After being informed by my landlady that I am not, in fact, "judge, jury and executioner", but simply a deadbeat who's always bursting at the seams with excuses as to why my rent is constantly late, I was forced to keep the shriveled-up, elderly miser at bay with the temporary (hopefully) loan of my much-coveted oil portrait of Merv Griffin (stolen from his Carmel home by a friend who was high on PCP at the time) and a promissory note for a free bikini waxing/taxidermy lesson.

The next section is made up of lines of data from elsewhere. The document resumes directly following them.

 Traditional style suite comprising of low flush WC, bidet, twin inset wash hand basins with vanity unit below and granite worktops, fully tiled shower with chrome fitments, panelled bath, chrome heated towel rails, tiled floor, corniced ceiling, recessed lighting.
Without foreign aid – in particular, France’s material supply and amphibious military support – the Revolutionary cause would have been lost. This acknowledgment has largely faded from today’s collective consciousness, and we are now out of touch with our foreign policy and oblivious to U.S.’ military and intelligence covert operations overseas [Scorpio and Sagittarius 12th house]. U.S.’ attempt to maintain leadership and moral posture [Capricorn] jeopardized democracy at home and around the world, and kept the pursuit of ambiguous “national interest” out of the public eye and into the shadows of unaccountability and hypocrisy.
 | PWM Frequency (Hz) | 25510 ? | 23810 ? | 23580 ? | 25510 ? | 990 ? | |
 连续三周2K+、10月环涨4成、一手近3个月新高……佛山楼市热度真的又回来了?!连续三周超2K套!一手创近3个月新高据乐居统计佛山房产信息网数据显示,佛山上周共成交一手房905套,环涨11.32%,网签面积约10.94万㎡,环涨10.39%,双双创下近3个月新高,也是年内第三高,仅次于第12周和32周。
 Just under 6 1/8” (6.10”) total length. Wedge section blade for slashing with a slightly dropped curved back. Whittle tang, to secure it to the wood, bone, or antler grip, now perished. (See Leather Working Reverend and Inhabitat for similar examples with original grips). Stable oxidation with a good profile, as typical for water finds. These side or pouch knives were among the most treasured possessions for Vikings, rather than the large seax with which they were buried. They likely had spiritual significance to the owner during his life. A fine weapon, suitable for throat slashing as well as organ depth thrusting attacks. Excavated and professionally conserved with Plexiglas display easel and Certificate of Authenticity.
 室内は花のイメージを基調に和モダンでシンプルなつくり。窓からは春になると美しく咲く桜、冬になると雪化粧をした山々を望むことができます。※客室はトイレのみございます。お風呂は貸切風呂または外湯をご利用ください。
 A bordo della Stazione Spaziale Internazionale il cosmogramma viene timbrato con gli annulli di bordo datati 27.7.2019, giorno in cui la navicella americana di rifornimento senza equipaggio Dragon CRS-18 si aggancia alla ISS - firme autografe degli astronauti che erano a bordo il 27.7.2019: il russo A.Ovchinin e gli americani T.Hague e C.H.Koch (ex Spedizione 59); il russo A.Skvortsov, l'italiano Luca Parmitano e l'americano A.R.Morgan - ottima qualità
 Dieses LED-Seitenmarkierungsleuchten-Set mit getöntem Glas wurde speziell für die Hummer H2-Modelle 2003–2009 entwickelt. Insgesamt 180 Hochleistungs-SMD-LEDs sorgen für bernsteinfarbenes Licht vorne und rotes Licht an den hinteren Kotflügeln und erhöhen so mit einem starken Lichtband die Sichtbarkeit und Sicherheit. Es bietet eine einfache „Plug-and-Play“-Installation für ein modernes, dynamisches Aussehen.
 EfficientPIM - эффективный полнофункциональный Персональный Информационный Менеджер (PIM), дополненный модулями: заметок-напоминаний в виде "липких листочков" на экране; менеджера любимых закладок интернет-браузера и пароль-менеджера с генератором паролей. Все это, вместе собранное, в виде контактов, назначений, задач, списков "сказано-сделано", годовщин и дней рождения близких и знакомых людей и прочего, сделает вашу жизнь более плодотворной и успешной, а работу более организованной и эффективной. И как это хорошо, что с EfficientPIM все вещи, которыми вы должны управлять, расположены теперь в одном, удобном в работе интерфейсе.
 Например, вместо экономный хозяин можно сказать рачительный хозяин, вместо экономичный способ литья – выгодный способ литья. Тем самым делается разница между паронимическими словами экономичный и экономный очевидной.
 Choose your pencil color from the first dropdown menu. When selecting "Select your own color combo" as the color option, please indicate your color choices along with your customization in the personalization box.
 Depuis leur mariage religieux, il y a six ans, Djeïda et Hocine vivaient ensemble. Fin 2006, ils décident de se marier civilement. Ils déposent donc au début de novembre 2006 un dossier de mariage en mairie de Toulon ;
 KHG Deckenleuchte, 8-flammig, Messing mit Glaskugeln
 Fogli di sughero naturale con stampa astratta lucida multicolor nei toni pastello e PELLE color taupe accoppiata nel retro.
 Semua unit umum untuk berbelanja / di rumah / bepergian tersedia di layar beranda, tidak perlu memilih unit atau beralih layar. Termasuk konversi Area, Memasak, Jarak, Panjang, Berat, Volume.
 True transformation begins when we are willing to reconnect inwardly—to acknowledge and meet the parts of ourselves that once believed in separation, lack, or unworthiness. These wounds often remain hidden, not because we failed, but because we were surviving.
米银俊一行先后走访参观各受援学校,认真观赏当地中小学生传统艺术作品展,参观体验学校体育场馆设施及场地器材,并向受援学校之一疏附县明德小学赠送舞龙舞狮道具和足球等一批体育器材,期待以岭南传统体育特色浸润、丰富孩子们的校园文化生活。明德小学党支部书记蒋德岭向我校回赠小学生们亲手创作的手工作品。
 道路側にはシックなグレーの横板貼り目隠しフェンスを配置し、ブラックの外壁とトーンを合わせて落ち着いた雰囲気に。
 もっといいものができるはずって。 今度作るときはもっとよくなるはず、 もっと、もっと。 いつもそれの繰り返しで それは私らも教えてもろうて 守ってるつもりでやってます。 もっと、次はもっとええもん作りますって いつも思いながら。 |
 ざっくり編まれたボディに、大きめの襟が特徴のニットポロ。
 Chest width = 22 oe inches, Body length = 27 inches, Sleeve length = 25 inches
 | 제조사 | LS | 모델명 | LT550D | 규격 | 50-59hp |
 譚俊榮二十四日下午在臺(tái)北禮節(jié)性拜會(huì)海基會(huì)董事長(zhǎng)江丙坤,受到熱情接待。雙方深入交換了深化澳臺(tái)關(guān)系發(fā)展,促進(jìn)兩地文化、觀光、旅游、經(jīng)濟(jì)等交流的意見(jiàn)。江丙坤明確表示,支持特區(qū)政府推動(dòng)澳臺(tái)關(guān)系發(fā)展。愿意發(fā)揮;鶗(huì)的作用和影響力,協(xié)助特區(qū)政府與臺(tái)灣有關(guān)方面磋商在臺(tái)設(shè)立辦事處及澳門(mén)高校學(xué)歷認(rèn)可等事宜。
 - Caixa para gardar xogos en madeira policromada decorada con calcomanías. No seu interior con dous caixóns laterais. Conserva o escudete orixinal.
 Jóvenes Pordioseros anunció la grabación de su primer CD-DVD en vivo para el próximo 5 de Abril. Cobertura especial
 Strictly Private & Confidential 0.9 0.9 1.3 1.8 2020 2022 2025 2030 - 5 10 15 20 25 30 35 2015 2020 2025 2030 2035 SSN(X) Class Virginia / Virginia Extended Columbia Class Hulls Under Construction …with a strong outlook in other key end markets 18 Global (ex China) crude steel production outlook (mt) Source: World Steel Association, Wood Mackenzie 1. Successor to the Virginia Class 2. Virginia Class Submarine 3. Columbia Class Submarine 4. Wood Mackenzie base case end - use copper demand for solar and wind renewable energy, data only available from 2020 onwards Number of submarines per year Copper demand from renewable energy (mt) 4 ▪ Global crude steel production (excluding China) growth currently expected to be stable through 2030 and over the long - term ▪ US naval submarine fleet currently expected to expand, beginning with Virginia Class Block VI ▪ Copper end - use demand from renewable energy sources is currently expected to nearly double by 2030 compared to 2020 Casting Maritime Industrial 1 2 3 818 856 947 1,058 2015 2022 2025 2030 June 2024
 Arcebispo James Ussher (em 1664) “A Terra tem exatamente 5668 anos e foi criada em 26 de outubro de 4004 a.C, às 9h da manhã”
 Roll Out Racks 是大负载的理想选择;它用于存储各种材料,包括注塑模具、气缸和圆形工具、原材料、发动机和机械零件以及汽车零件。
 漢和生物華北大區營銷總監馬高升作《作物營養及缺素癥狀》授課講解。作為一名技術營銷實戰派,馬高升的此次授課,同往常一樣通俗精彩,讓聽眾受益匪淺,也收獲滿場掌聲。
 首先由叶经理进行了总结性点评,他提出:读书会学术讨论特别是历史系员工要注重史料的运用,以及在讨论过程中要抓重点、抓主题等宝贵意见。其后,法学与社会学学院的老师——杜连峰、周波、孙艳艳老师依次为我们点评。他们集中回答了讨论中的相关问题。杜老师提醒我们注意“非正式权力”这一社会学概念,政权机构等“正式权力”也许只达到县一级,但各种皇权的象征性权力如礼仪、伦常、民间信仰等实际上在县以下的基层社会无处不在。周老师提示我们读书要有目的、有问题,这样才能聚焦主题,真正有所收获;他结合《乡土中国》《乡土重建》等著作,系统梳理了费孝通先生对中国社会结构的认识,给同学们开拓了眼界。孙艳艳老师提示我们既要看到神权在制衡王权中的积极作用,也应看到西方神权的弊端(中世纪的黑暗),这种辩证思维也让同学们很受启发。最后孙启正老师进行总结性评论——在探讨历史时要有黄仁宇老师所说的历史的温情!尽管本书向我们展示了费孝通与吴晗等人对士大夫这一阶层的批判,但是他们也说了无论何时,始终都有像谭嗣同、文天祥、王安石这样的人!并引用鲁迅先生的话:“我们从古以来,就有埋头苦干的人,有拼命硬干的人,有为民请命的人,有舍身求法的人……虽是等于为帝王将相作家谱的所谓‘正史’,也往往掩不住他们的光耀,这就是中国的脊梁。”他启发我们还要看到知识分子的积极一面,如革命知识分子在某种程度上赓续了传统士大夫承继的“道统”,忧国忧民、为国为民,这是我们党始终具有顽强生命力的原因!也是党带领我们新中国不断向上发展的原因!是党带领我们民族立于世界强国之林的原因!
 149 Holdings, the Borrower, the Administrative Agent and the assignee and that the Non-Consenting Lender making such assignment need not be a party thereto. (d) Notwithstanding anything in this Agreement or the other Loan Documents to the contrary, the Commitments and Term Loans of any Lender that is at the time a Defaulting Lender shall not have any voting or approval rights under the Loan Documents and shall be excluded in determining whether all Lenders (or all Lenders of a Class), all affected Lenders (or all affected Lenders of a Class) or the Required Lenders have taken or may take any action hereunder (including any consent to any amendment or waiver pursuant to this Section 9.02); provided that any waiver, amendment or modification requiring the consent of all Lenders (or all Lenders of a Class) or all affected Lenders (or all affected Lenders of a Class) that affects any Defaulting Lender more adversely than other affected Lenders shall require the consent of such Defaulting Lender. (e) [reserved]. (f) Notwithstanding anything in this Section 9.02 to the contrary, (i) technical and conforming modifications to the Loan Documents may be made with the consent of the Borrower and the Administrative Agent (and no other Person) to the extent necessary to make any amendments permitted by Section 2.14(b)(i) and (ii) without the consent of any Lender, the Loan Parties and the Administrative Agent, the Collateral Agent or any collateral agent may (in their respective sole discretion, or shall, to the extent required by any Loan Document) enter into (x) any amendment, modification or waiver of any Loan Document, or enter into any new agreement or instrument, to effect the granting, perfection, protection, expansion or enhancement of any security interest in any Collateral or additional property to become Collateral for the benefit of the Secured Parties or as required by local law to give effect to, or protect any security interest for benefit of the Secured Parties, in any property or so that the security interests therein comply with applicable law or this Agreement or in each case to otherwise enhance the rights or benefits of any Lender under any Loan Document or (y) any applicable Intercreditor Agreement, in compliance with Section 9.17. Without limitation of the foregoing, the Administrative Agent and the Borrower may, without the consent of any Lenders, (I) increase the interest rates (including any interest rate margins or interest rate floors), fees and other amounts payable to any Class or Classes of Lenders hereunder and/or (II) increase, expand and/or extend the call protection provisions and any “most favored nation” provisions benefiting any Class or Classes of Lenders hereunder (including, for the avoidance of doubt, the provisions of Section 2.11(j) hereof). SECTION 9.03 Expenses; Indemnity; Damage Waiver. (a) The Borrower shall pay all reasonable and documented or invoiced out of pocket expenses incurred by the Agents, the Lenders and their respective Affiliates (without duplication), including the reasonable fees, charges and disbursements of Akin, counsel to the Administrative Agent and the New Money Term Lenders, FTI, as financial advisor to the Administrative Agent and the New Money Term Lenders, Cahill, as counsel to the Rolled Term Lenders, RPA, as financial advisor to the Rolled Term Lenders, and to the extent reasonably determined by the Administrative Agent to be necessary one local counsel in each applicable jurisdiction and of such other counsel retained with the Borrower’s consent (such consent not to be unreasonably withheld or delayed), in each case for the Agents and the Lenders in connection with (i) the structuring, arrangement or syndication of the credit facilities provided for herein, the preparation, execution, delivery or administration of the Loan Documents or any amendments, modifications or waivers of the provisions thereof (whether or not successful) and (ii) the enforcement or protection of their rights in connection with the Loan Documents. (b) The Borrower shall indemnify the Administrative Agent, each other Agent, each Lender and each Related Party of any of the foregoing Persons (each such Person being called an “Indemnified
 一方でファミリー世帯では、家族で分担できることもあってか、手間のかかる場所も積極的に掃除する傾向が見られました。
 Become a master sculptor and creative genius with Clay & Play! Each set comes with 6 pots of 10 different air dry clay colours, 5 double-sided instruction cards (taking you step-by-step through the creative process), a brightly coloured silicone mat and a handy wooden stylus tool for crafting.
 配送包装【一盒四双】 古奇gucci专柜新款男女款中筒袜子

The fascist hag also made me promise to dismantle my living room "sex morgue" and change the roach traps in the basement laundry room with a set of salad servers duct-taped inside my shirt sleeves so that I would "lack the luxury of the dexterity of human fingers for this particularly unpleasant task". She's also stipulated that I must wear a rubber latex novelty store bald cap "to rob me of my youthful arrogance" and that I must repeatedly curse the traps as I fumble with them (with my salad server appendages) with the specific line of dialog : "You doo doo ca ca pee pee, bad squares! Squares promise the doo doo ca ca pee pee roaches ultimate demise! Yet the doo doo ca ca pee pee roaches still appear!"...apparently she wishes to video tape me doing this so that she can upload the questionably-hilarious results to You Tube.
She may be a sadistic money-grubbing vampire, but I have to admit, if the shoe was on the other foot, I would be making the same bizarre demands. I've since made a mental note to add her to my ever-expanding list of potential Dick Tracy comic villains....I think I'll call her, "Cuntface". I think Chester Gould would approve, especially since he is dead now and can't voice his opinions concerning the direction that his ground-breaking comic strip takes in the hands of a mentally-unbalanced cartoonist wearing a rubber latex bald cap and attempting to sketch his new villain with a yellow crayon clutched clumsily between a pair of salad servers. Take that, "Cuntface!"